Task item: Copy the data that follows, character for character, minus the pictures.

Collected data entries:
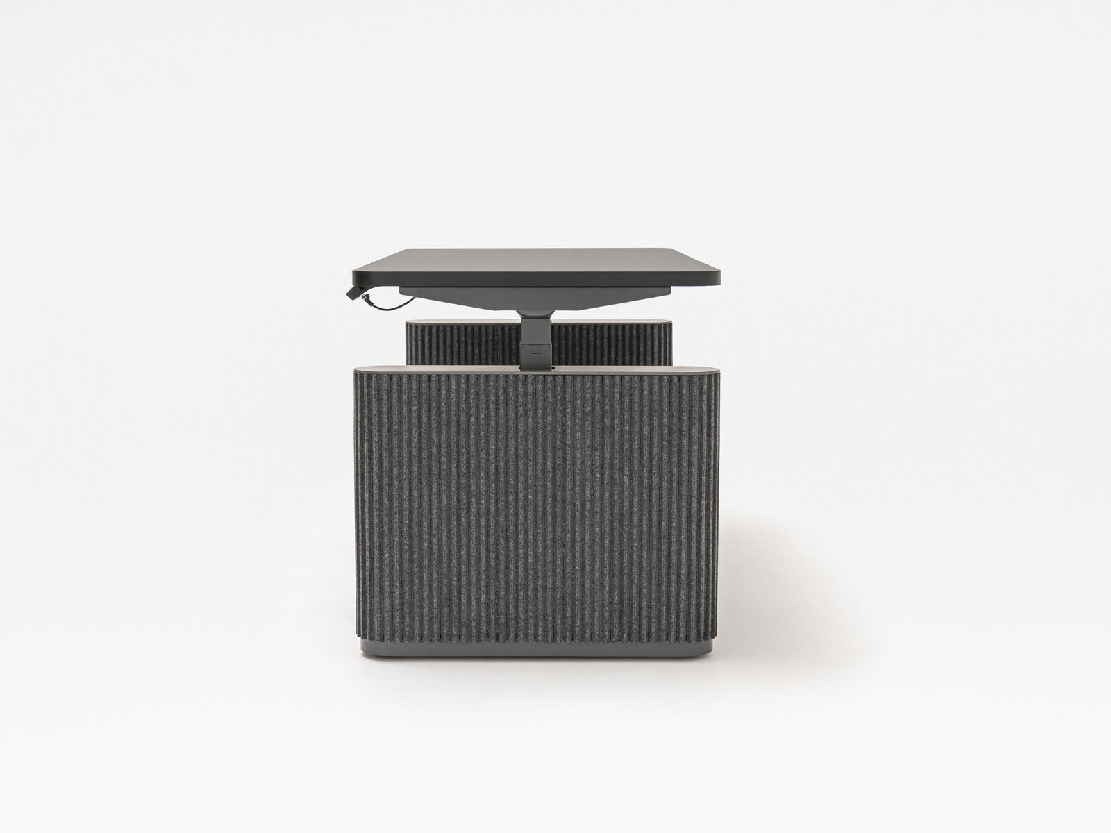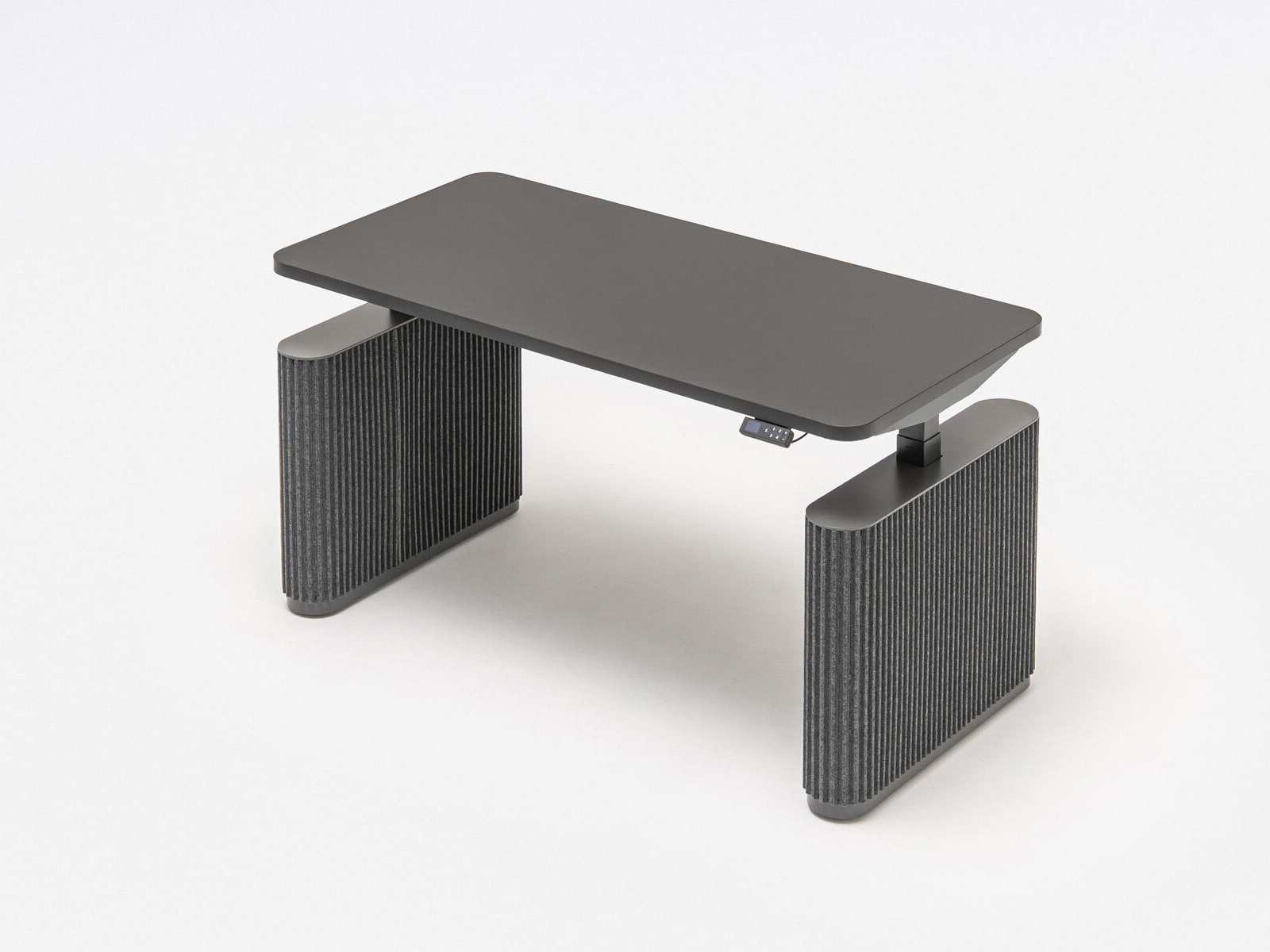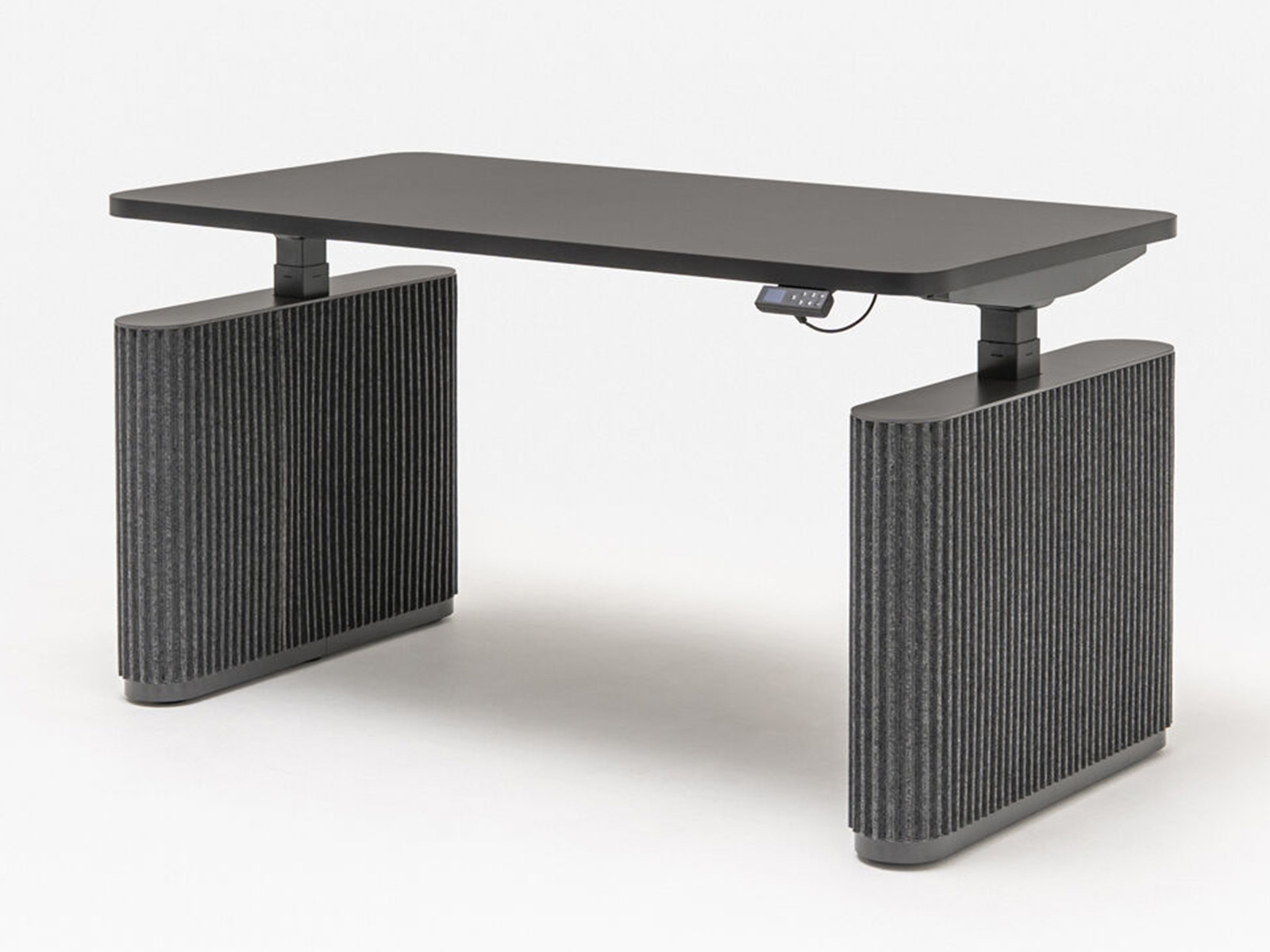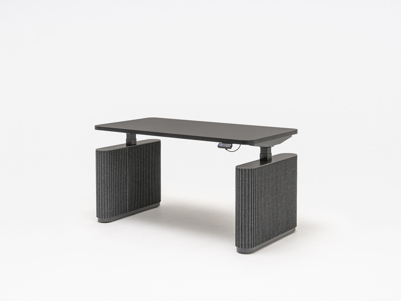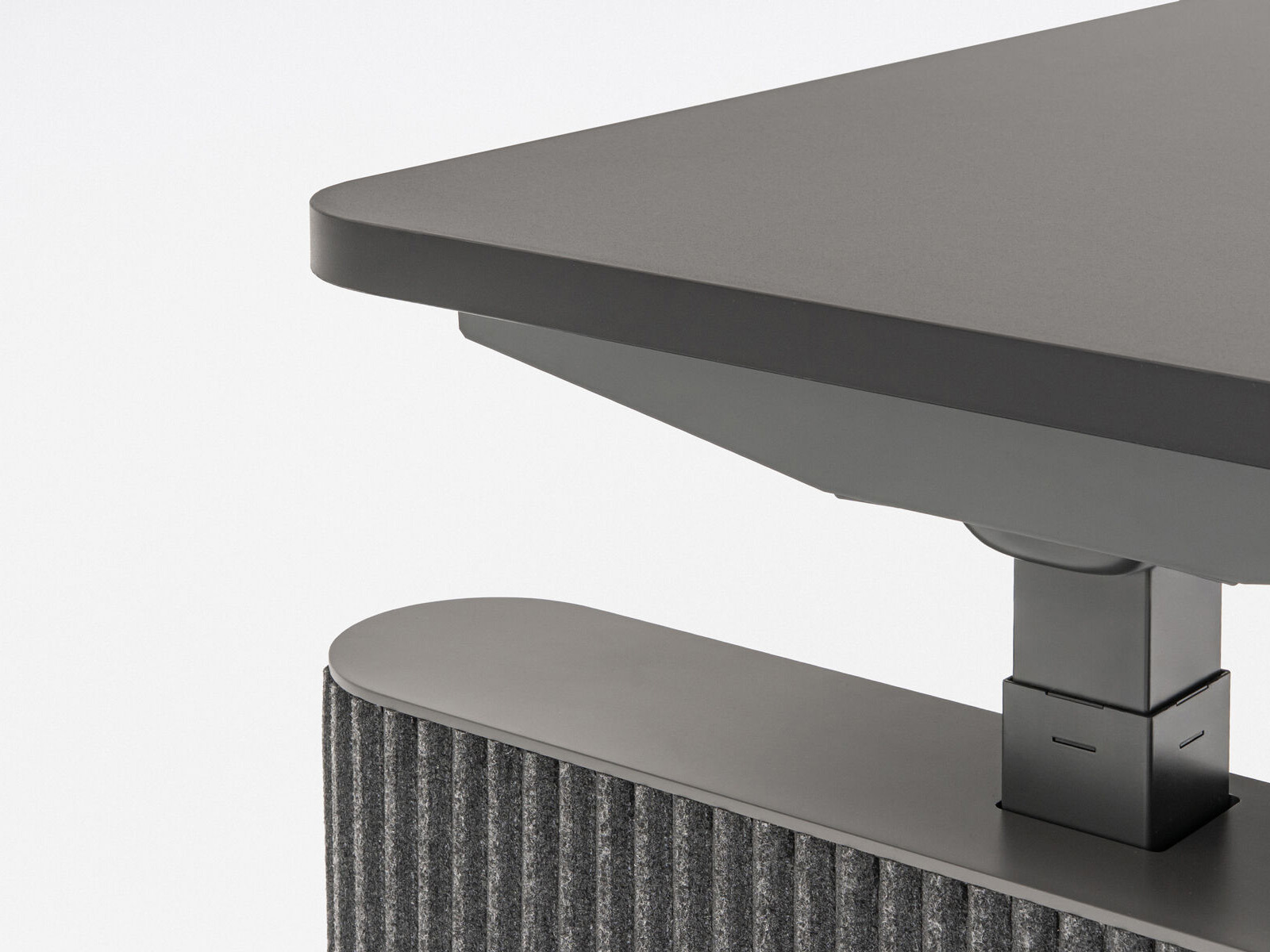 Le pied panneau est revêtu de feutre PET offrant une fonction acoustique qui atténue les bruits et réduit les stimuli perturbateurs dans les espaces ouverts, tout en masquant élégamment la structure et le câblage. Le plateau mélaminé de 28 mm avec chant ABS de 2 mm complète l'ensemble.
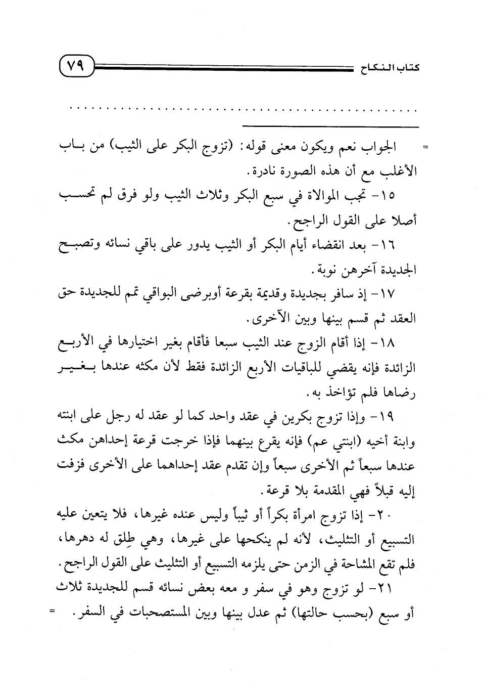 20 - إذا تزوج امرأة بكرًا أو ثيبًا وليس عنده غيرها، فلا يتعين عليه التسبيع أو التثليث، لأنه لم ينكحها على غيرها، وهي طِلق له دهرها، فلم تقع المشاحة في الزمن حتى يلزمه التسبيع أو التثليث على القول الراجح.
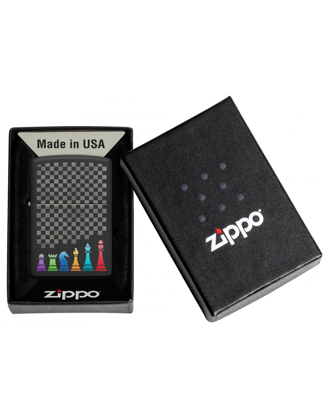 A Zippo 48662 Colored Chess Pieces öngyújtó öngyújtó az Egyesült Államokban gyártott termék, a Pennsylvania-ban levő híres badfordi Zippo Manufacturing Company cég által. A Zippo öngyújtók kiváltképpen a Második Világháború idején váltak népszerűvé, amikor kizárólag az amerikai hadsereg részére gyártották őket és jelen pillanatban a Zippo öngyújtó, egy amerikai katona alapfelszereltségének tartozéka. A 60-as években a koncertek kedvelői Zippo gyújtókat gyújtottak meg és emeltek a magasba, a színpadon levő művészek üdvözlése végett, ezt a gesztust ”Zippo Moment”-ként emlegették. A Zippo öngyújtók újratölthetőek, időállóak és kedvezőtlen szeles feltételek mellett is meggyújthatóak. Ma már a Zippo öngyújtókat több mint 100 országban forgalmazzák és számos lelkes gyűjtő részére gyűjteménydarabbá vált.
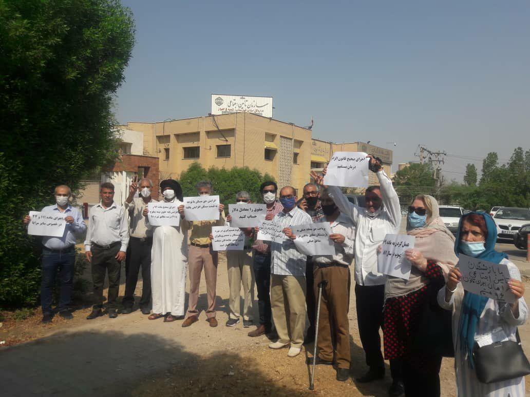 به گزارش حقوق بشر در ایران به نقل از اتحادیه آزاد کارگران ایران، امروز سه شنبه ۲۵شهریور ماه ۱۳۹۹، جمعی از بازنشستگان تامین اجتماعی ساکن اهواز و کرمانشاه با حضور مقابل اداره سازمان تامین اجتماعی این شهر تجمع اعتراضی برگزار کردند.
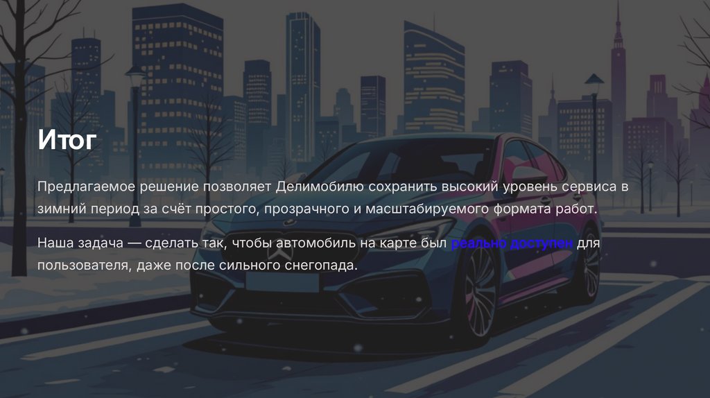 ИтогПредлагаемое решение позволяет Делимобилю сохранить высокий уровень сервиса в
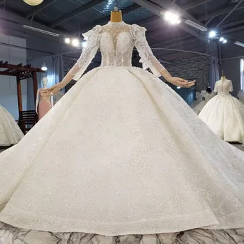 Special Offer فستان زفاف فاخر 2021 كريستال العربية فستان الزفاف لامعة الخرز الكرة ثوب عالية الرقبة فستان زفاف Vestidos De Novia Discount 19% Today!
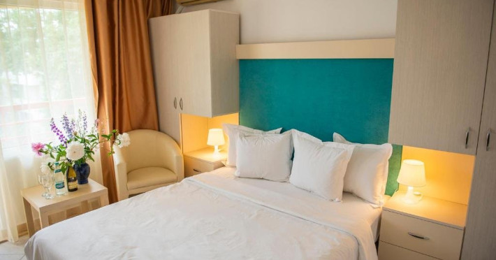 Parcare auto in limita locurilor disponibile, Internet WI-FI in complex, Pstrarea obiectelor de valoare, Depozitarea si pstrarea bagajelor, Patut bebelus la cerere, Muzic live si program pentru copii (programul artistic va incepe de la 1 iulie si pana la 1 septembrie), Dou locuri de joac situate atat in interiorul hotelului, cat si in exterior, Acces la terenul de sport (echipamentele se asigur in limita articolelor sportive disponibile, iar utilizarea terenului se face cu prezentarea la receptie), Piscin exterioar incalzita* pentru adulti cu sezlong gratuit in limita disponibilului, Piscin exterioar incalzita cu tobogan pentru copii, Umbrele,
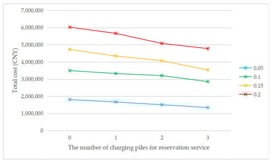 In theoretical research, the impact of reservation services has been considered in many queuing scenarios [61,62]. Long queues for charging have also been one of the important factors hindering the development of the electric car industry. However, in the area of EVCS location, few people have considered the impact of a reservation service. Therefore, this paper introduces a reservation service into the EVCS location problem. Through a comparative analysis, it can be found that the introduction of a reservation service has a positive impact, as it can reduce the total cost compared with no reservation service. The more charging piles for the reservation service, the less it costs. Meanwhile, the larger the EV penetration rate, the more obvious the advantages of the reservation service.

Output for this exercise:
 Le pied panneau est revêtu de feutre PET offrant une fonction acoustique qui atténue les bruits et réduit les stimuli perturbateurs dans les espaces ouverts, tout en masquant élégamment la structure et le câblage. Le plateau mélaminé de 28 mm avec chant ABS de 2 mm complète l'ensemble.
 20 - إذا تزوج امرأة بكرًا أو ثيبًا وليس عنده غيرها، فلا يتعين عليه التسبيع أو التثليث، لأنه لم ينكحها على غيرها، وهي طِلق له دهرها، فلم تقع المشاحة في الزمن حتى يلزمه التسبيع أو التثليث على القول الراجح.
 A Zippo 48662 Colored Chess Pieces öngyújtó öngyújtó az Egyesült Államokban gyártott termék, a Pennsylvania-ban levő híres badfordi Zippo Manufacturing Company cég által. A Zippo öngyújtók kiváltképpen a Második Világháború idején váltak népszerűvé, amikor kizárólag az amerikai hadsereg részére gyártották őket és jelen pillanatban a Zippo öngyújtó, egy amerikai katona alapfelszereltségének tartozéka. A 60-as években a koncertek kedvelői Zippo gyújtókat gyújtottak meg és emeltek a magasba, a színpadon levő művészek üdvözlése végett, ezt a gesztust ”Zippo Moment”-ként emlegették. A Zippo öngyújtók újratölthetőek, időállóak és kedvezőtlen szeles feltételek mellett is meggyújthatóak. Ma már a Zippo öngyújtókat több mint 100 országban forgalmazzák és számos lelkes gyűjtő részére gyűjteménydarabbá vált.
 به گزارش حقوق بشر در ایران به نقل از اتحادیه آزاد کارگران ایران، امروز سه شنبه ۲۵شهریور ماه ۱۳۹۹، جمعی از بازنشستگان تامین اجتماعی ساکن اهواز و کرمانشاه با حضور مقابل اداره سازمان تامین اجتماعی این شهر تجمع اعتراضی برگزار کردند.
 ИтогПредлагаемое решение позволяет Делимобилю сохранить высокий уровень сервиса в
 Special Offer فستان زفاف فاخر 2021 كريستال العربية فستان الزفاف لامعة الخرز الكرة ثوب عالية الرقبة فستان زفاف Vestidos De Novia Discount 19% Today!
 Parcare auto in limita locurilor disponibile, Internet WI-FI in complex, Pstrarea obiectelor de valoare, Depozitarea si pstrarea bagajelor, Patut bebelus la cerere, Muzic live si program pentru copii (programul artistic va incepe de la 1 iulie si pana la 1 septembrie), Dou locuri de joac situate atat in interiorul hotelului, cat si in exterior, Acces la terenul de sport (echipamentele se asigur in limita articolelor sportive disponibile, iar utilizarea terenului se face cu prezentarea la receptie), Piscin exterioar incalzita* pentru adulti cu sezlong gratuit in limita disponibilului, Piscin exterioar incalzita cu tobogan pentru copii, Umbrele,
 In theoretical research, the impact of reservation services has been considered in many queuing scenarios [61,62]. Long queues for charging have also been one of the important factors hindering the development of the electric car industry. However, in the area of EVCS location, few people have considered the impact of a reservation service. Therefore, this paper introduces a reservation service into the EVCS location problem. Through a comparative analysis, it can be found that the introduction of a reservation service has a positive impact, as it can reduce the total cost compared with no reservation service. The more charging piles for the reservation service, the less it costs. Meanwhile, the larger the EV penetration rate, the more obvious the advantages of the reservation service.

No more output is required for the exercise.